*Records to process*:
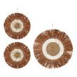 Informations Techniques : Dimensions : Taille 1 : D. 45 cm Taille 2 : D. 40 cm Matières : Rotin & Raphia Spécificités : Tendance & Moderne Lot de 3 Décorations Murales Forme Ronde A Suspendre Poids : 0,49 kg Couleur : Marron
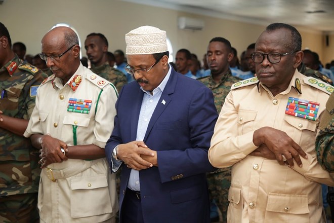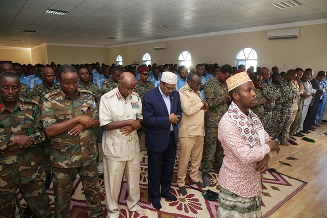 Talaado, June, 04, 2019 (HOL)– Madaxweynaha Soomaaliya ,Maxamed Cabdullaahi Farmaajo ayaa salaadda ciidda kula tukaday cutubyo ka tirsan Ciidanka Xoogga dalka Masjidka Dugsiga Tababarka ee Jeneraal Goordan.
--
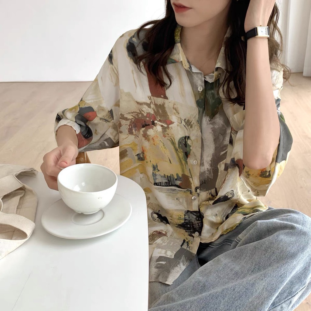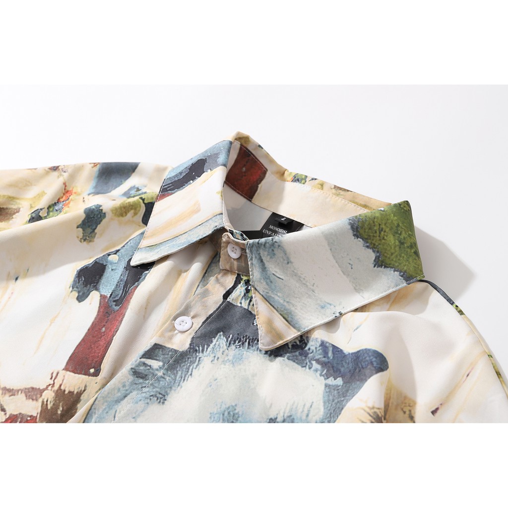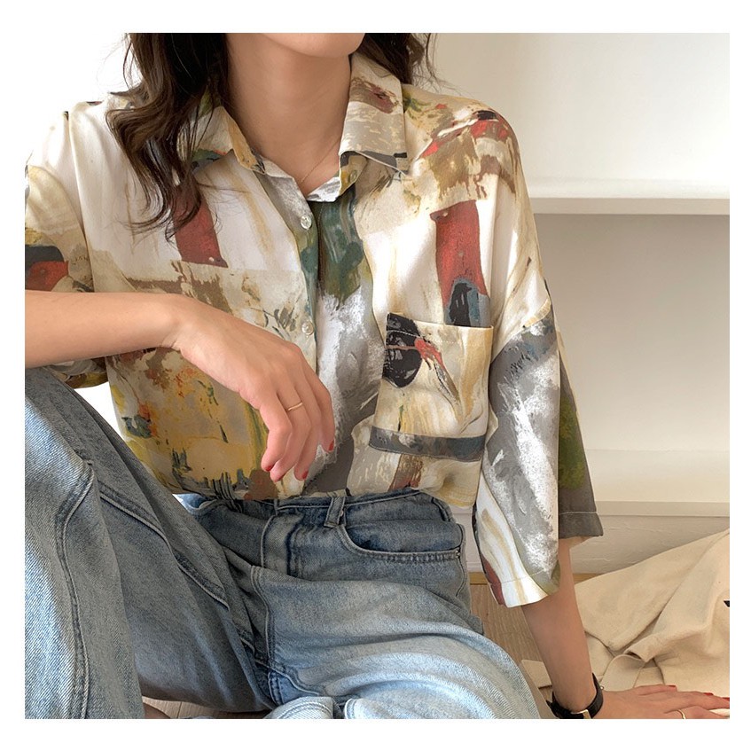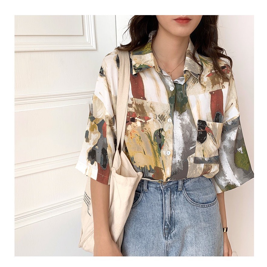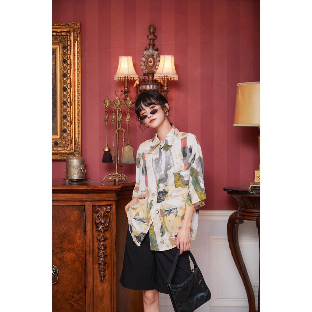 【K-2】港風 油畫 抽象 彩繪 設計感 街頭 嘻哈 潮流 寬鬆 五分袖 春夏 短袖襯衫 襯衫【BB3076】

*Task directions*: Up in the listing, locate the line with "Informations Techniques : Dimensions"; print it and every line after it down to the line with "Talaado, June, 04, 2019", which is included too. Skip the pictures.

*Response to this task*:
 Informations Techniques : Dimensions : Taille 1 : D. 45 cm Taille 2 : D. 40 cm Matières : Rotin & Raphia Spécificités : Tendance & Moderne Lot de 3 Décorations Murales Forme Ronde A Suspendre Poids : 0,49 kg Couleur : Marron
 Talaado, June, 04, 2019 (HOL)– Madaxweynaha Soomaaliya ,Maxamed Cabdullaahi Farmaajo ayaa salaadda ciidda kula tukaday cutubyo ka tirsan Ciidanka Xoogga dalka Masjidka Dugsiga Tababarka ee Jeneraal Goordan.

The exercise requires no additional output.